- _Material shown_
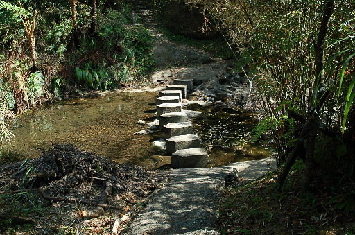 觀瀑台叉路,左往猴硐車站3200公尺,右往觀瀑台3000公尺,此處的觀瀑台應該指的是合谷瀑布觀瀑台,右路為山路且少人走。取左。稍後步道開始循著烏塗窟溪往上游,多次過溪皆設有踏石或木橋。H313m |
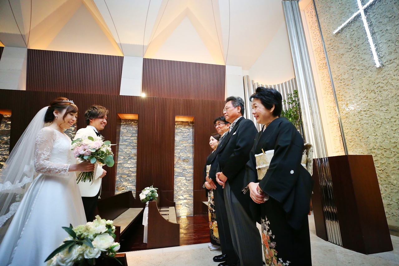 誓いを立て、親族、ご友人、会社関係の方
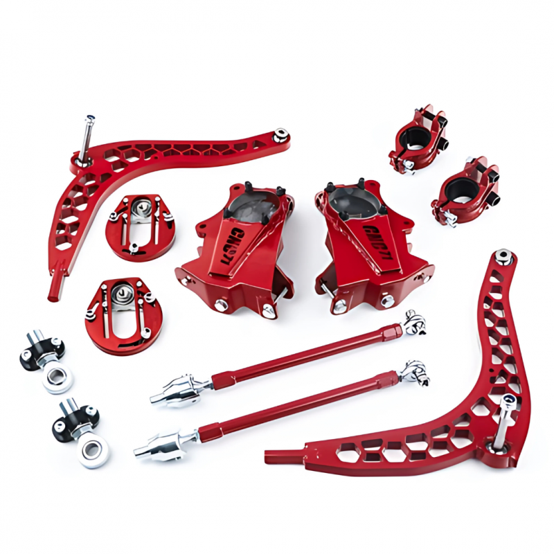 The product is manufactured from high-quality steel and aluminium using precise CNC machinery. The kit includes lower control arms, steering rack spacers, upper damper mounts, knuckles with all necessary hardware, and an installation manual.
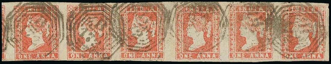 1a. red Die I strip of six [26-31] with watermark inverted, large to clear margins showing portion of adjoining stamp at left, each cancelled "B/172". A fine and desirable multiple. S.G. Z61, £2,250+. Photo
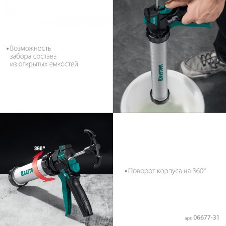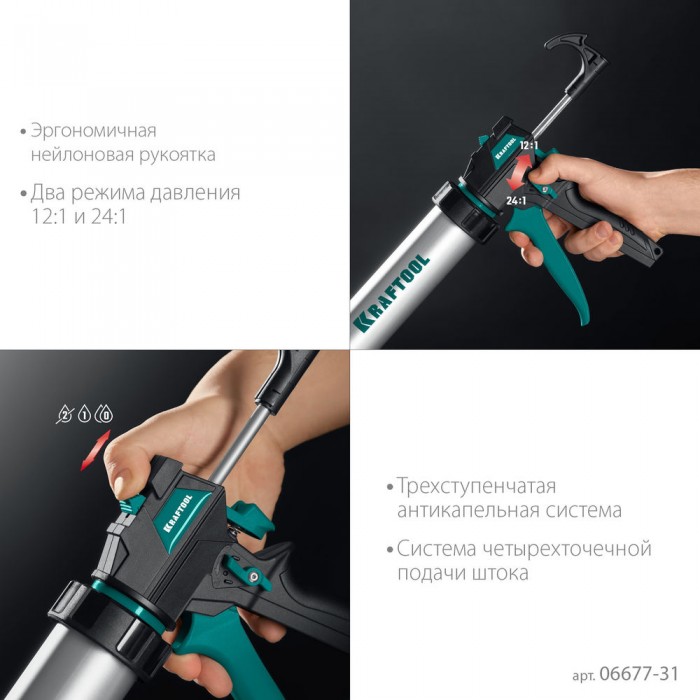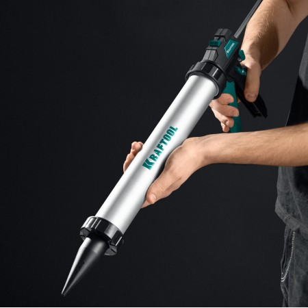 Пистолет для герметиков подходит для работы с картриджами объемом 310 мл, имеет скелетную конструкцию из стали, ручку из алюминиевого сплава, которые способствуют равномерной подачи клея либо герметика. Данная спецификация обеспечивает прочность и надежность конструкции пистолета при использовании.
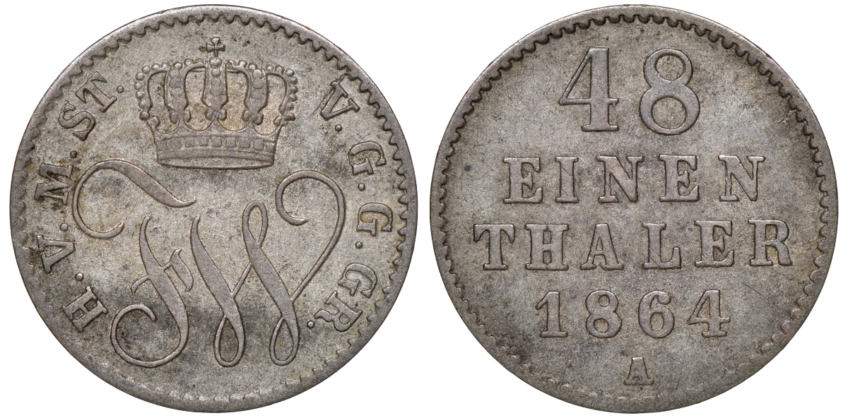 Мекленбург-Стрелиц 1/48 талера 1864 A, Фридрих Франц II (1842-1883) KM 96 серебро 4516-718

- _Exercise_
Return all of the lines above without alteration, minus the pictures.

- _Task output_
 觀瀑台叉路,左往猴硐車站3200公尺,右往觀瀑台3000公尺,此處的觀瀑台應該指的是合谷瀑布觀瀑台,右路為山路且少人走。取左。稍後步道開始循著烏塗窟溪往上游,多次過溪皆設有踏石或木橋。H313m |
 誓いを立て、親族、ご友人、会社関係の方
 The product is manufactured from high-quality steel and aluminium using precise CNC machinery. The kit includes lower control arms, steering rack spacers, upper damper mounts, knuckles with all necessary hardware, and an installation manual.
 1a. red Die I strip of six [26-31] with watermark inverted, large to clear margins showing portion of adjoining stamp at left, each cancelled "B/172". A fine and desirable multiple. S.G. Z61, £2,250+. Photo
 Пистолет для герметиков подходит для работы с картриджами объемом 310 мл, имеет скелетную конструкцию из стали, ручку из алюминиевого сплава, которые способствуют равномерной подачи клея либо герметика. Данная спецификация обеспечивает прочность и надежность конструкции пистолета при использовании.
 Мекленбург-Стрелиц 1/48 талера 1864 A, Фридрих Франц II (1842-1883) KM 96 серебро 4516-718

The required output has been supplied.